## Data extract
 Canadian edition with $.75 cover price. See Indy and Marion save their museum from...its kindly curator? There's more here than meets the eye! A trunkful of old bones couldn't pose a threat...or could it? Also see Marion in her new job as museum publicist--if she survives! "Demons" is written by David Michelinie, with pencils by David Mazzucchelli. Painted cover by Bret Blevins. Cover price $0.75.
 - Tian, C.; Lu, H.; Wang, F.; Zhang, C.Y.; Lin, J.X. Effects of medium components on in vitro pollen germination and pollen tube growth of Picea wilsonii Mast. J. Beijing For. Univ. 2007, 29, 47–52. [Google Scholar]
==
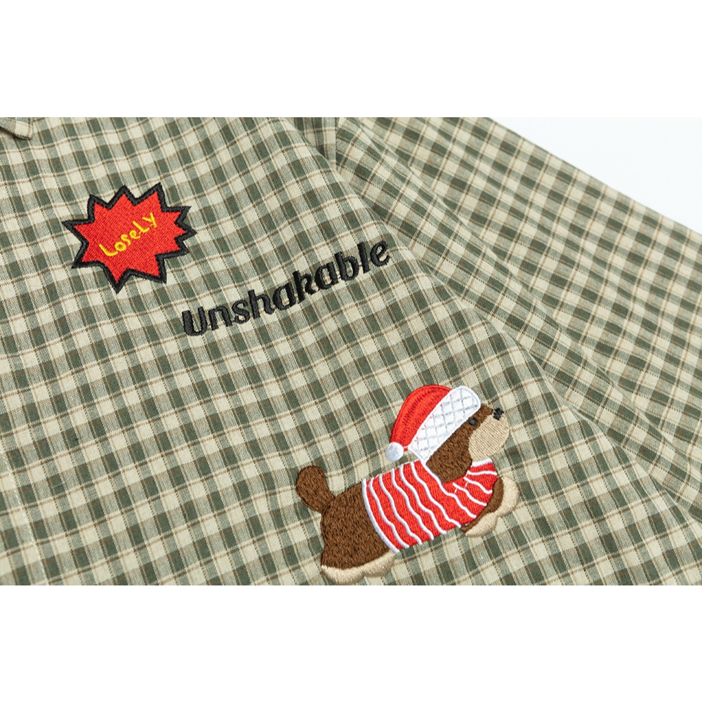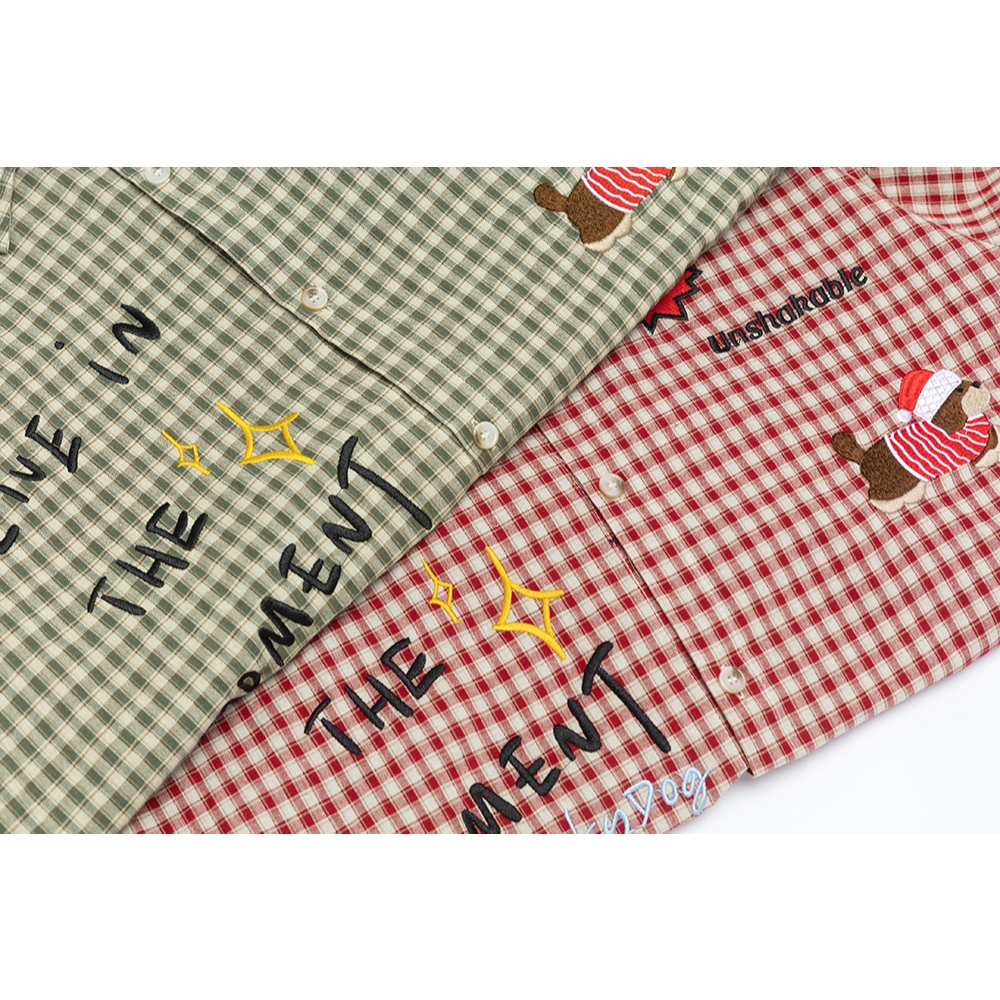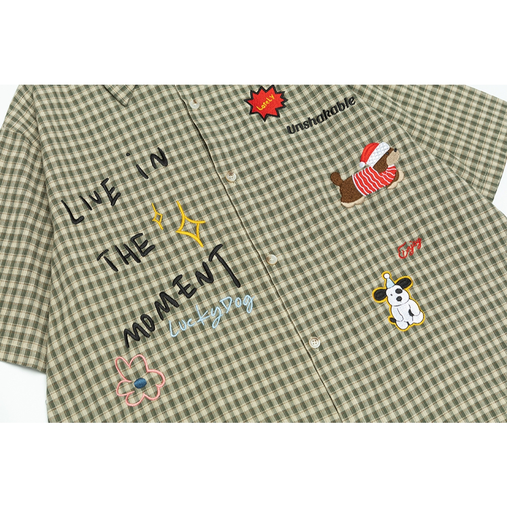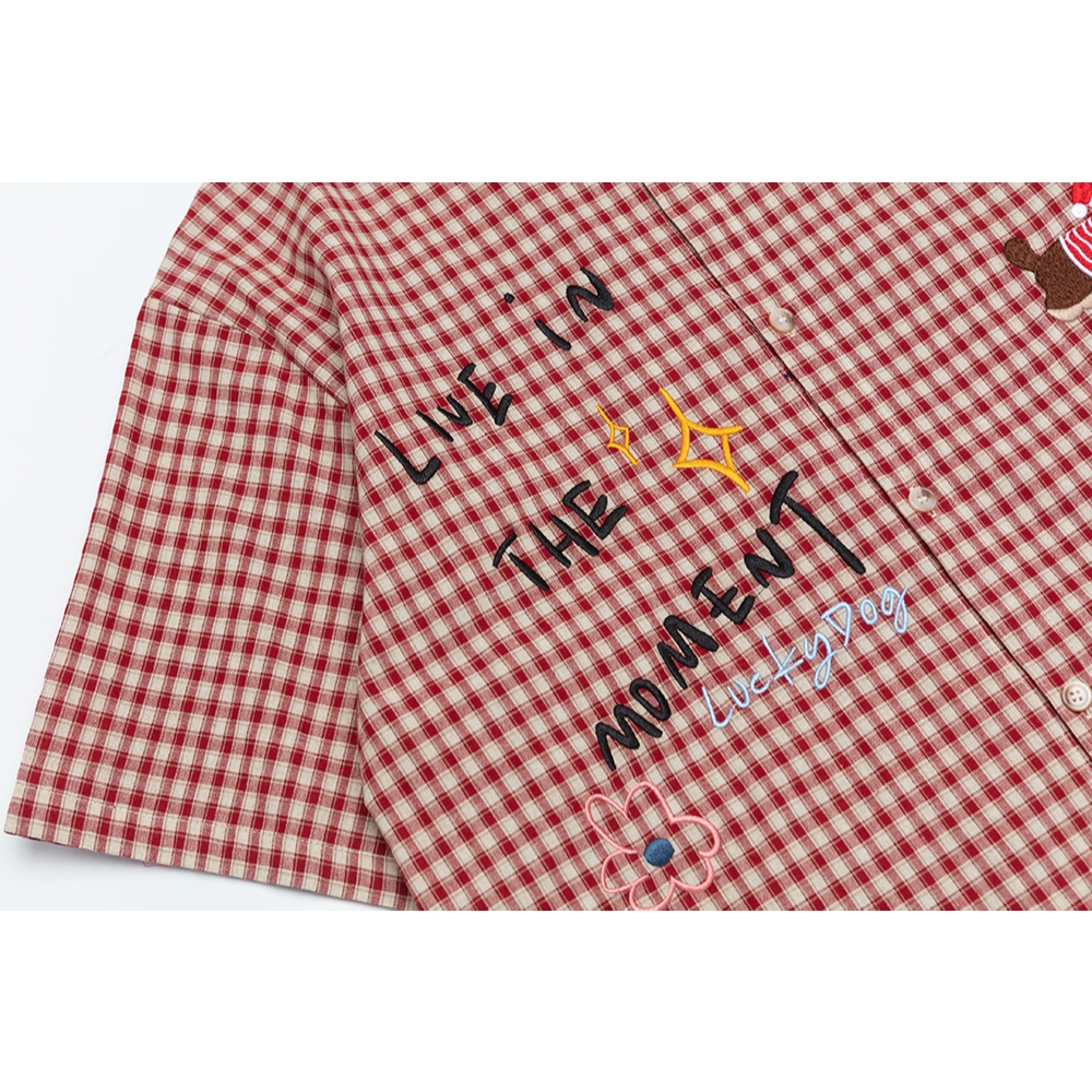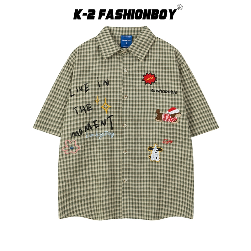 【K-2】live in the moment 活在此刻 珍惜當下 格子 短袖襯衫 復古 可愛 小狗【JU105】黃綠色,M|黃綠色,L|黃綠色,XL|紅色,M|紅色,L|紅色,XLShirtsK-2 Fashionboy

## What is required
From the entries above, return exactly the line containing "Canadian edition with", the line containing "- Tian, C.;", and all lines between, and nothing else.

## Response to this exercise
 Canadian edition with $.75 cover price. See Indy and Marion save their museum from...its kindly curator? There's more here than meets the eye! A trunkful of old bones couldn't pose a threat...or could it? Also see Marion in her new job as museum publicist--if she survives! "Demons" is written by David Michelinie, with pencils by David Mazzucchelli. Painted cover by Bret Blevins. Cover price $0.75.
 - Tian, C.; Lu, H.; Wang, F.; Zhang, C.Y.; Lin, J.X. Effects of medium components on in vitro pollen germination and pollen tube growth of Picea wilsonii Mast. J. Beijing For. Univ. 2007, 29, 47–52. [Google Scholar]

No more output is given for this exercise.